WHAT IS EXPECTED> Please make an exact copy of the listing, without the pictures.

DATA EXTRACT>
---------------

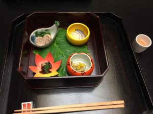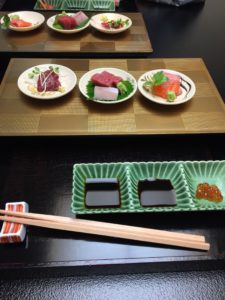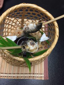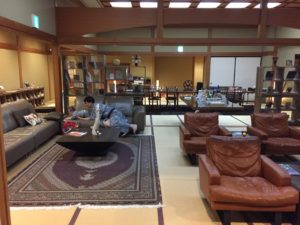 椅子と食器を貸してもらいました。作務衣も小サイズを借りて。やや大きかったけど、着れました。
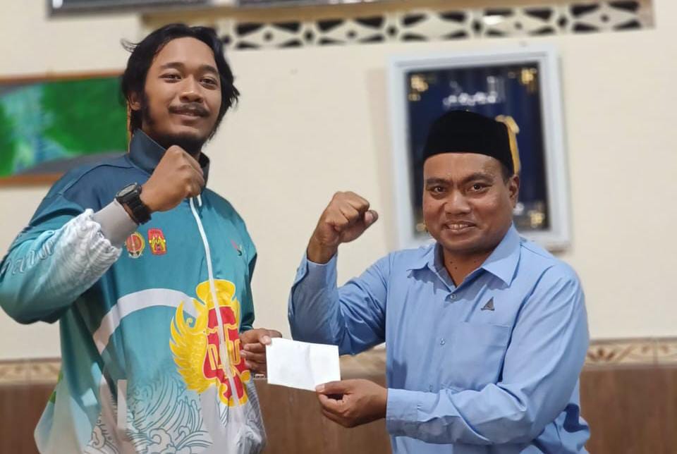 Atlet taekwondo DIY Dimas Bagas Prabandaru Wijayatmaka yang akan berlaga pada PON XXI Aceh-Sumut berpamitan dan mohon doa restu kepada Lurah Condongcatur Reno Candra Sangaji. Dimas warga Condongcatur dan tinggal di Jurugsari Padukuhan Joho. (Foto: Istimewa)
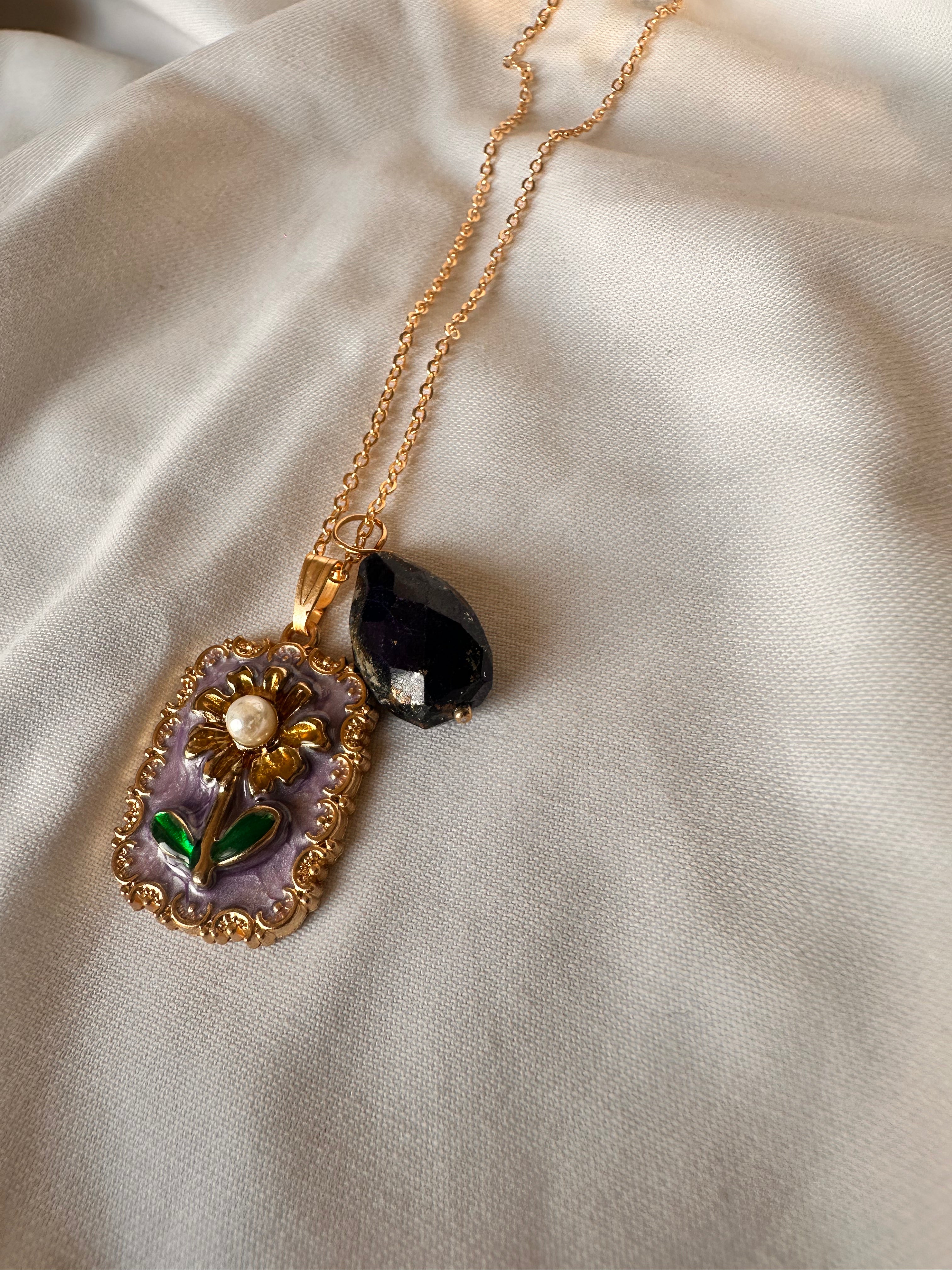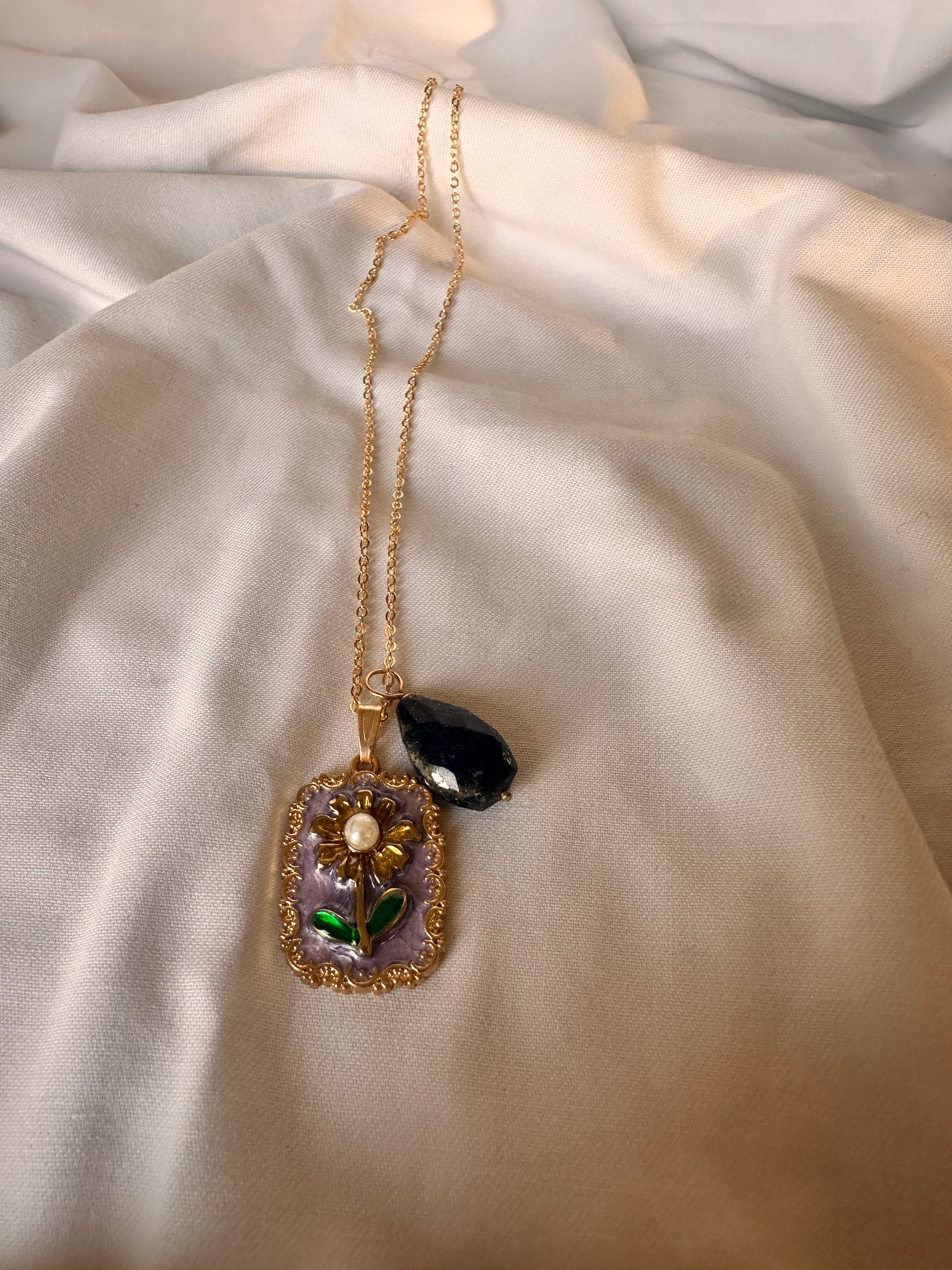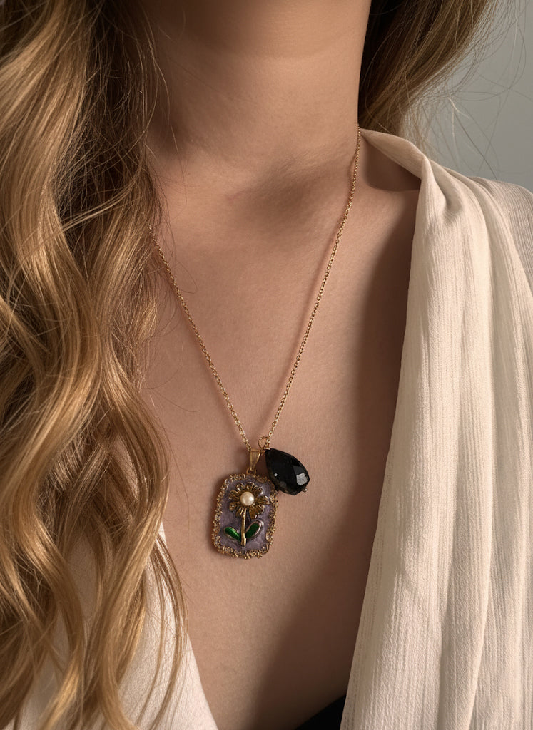 Make a statement with the Yumi pendant, where authentic gemstone beauty meets exceptional artisanal skill. This exquisite piece features genuine lapis stone, prized for its mesmerizing deep blue coloration and natural character that ensures every pendant is beautifully unique. The gold color enamel painting adds a layer of sophisticated elegance, with warm metallic accents that perfectly complement the lapis's rich tones.

---------------

SOLUTION>
 椅子と食器を貸してもらいました。作務衣も小サイズを借りて。やや大きかったけど、着れました。
 Atlet taekwondo DIY Dimas Bagas Prabandaru Wijayatmaka yang akan berlaga pada PON XXI Aceh-Sumut berpamitan dan mohon doa restu kepada Lurah Condongcatur Reno Candra Sangaji. Dimas warga Condongcatur dan tinggal di Jurugsari Padukuhan Joho. (Foto: Istimewa)
 Make a statement with the Yumi pendant, where authentic gemstone beauty meets exceptional artisanal skill. This exquisite piece features genuine lapis stone, prized for its mesmerizing deep blue coloration and natural character that ensures every pendant is beautifully unique. The gold color enamel painting adds a layer of sophisticated elegance, with warm metallic accents that perfectly complement the lapis's rich tones.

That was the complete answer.